___ ENTRIES SUPPLIED ___
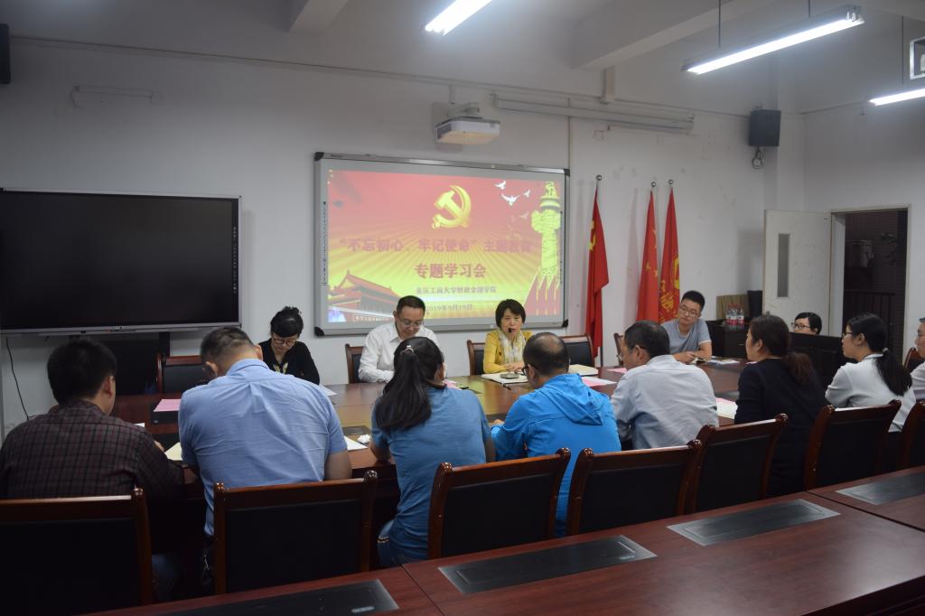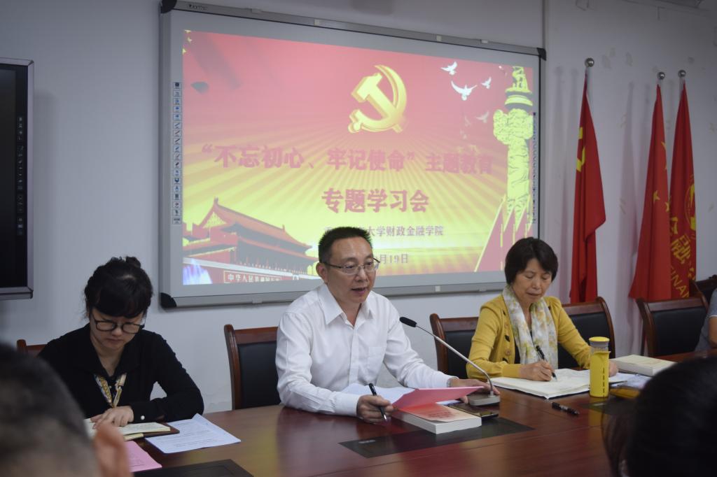 按照公司党委“不忘初心、牢记使命”主题教育工作安排,9月19日,财政伟德国际1949召开了“不忘初心、牢记使命”主题教育专题学习会暨第一次集中学习研讨会。校 “不忘初心、牢记使命”主题教育巡回指导二组副组长、公司党委宣传部部长华杰同志亲临会议现场进行监督指导,学院领导班子全体成员、各支部书记参加了会议。会议由公司党委书记杨萍同志主持。
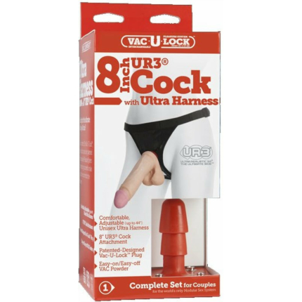 Vac-U-Lock 8″ Ultraskyn Dildo with Ultra Harness – Beige
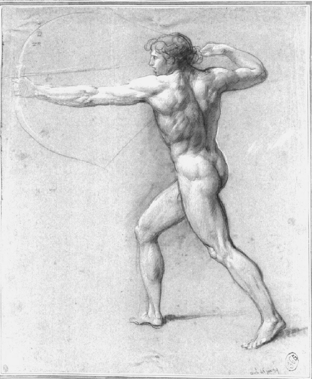 - NOTIZIE STORICO CRITICHE Il disegno è uno studio di uno dei tre guerrieri ignudi che scacciano i vizi nel sipario del Teatro Patriottico (poi dei Filodrammatici), eseguito da Appiani nel 1798 e rappresentante la "Virtù che fuga il Vizio". L'intero repertorio iconografico è caratteristico del periodo della Repubblica Cisalpina.
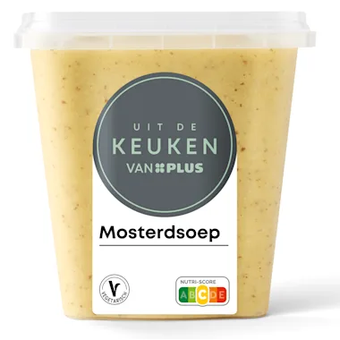 Ingrediënten :Water, 13% MOSTERD (water, MOSTERDZAAD, natuurazijn, zout, suiker, kruiden, specerijen), aardappel, kookroom (room (MELK), gemodificeerd maiszetmeel, stabilisator: E407/E331/E466, emulgator: E471), prei, ui, gemodificeerd tapiocazetmeel, zonnebloemolie, knoflook, zout, zwarte peper, suiker, kurkuma, natuurlijke aroma's, aroma, kaliumzout.
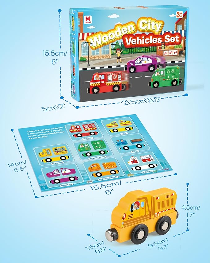 - 5. Perfect Gift for Any Occasion:Packaged in a stylish storage box, this wooden vehicle set makes an ideal gift for kids aged 3 and up. Whether for birthdays, Christmas, or any special event, this city-themed train set offers hours of fun, educational entertainment both indoors and outdoors
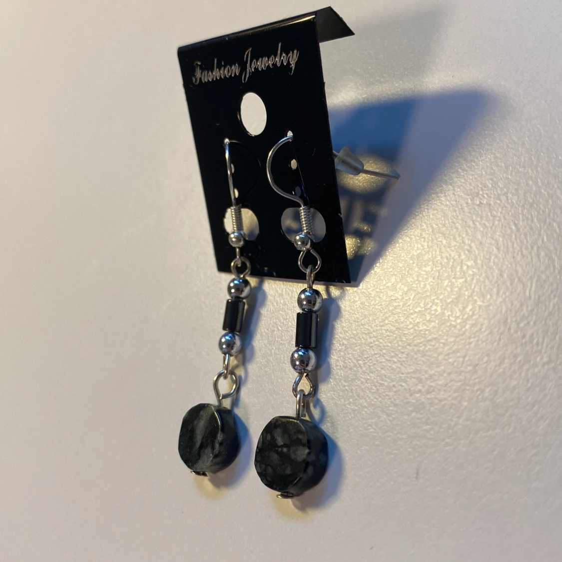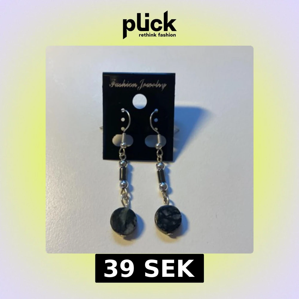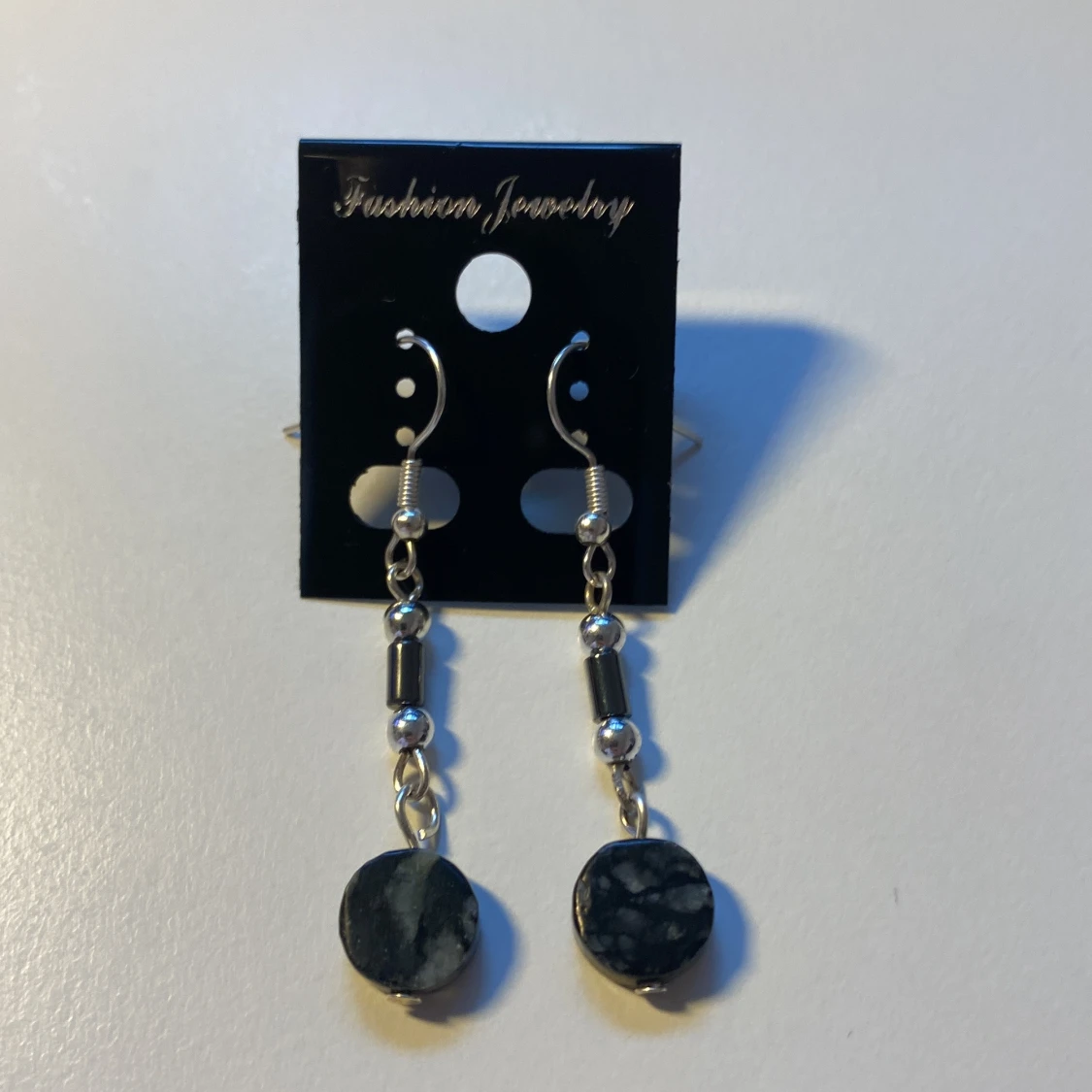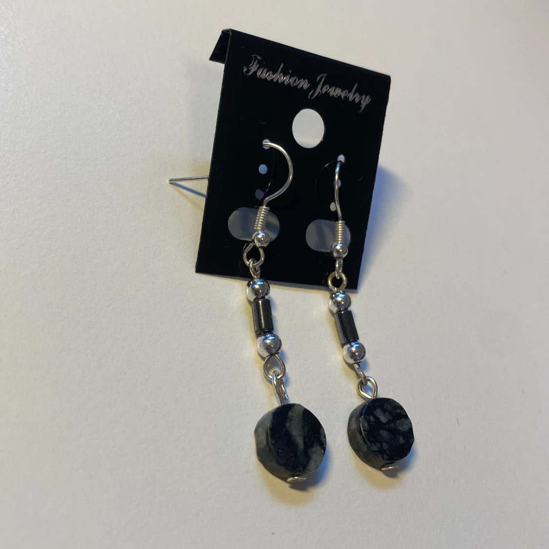 Snygga hängande örhängen med svarta, marmorerade stenar och silverfärgade detaljer. Örhängena har runda pärlor och cylinderformade metallpärlor som ger en cool och stilren vibe. Perfekta för att lyfta din look med en touch av mystik.
___
PROBLEM: Nothing but the lines from the one containing "- 5. Perfect" through the last line of the records should appear in the copy, exactly as written and without pictures.

RESPONSE:
 - 5. Perfect Gift for Any Occasion:Packaged in a stylish storage box, this wooden vehicle set makes an ideal gift for kids aged 3 and up. Whether for birthdays, Christmas, or any special event, this city-themed train set offers hours of fun, educational entertainment both indoors and outdoors
 Snygga hängande örhängen med svarta, marmorerade stenar och silverfärgade detaljer. Örhängena har runda pärlor och cylinderformade metallpärlor som ger en cool och stilren vibe. Perfekta för att lyfta din look med en touch av mystik.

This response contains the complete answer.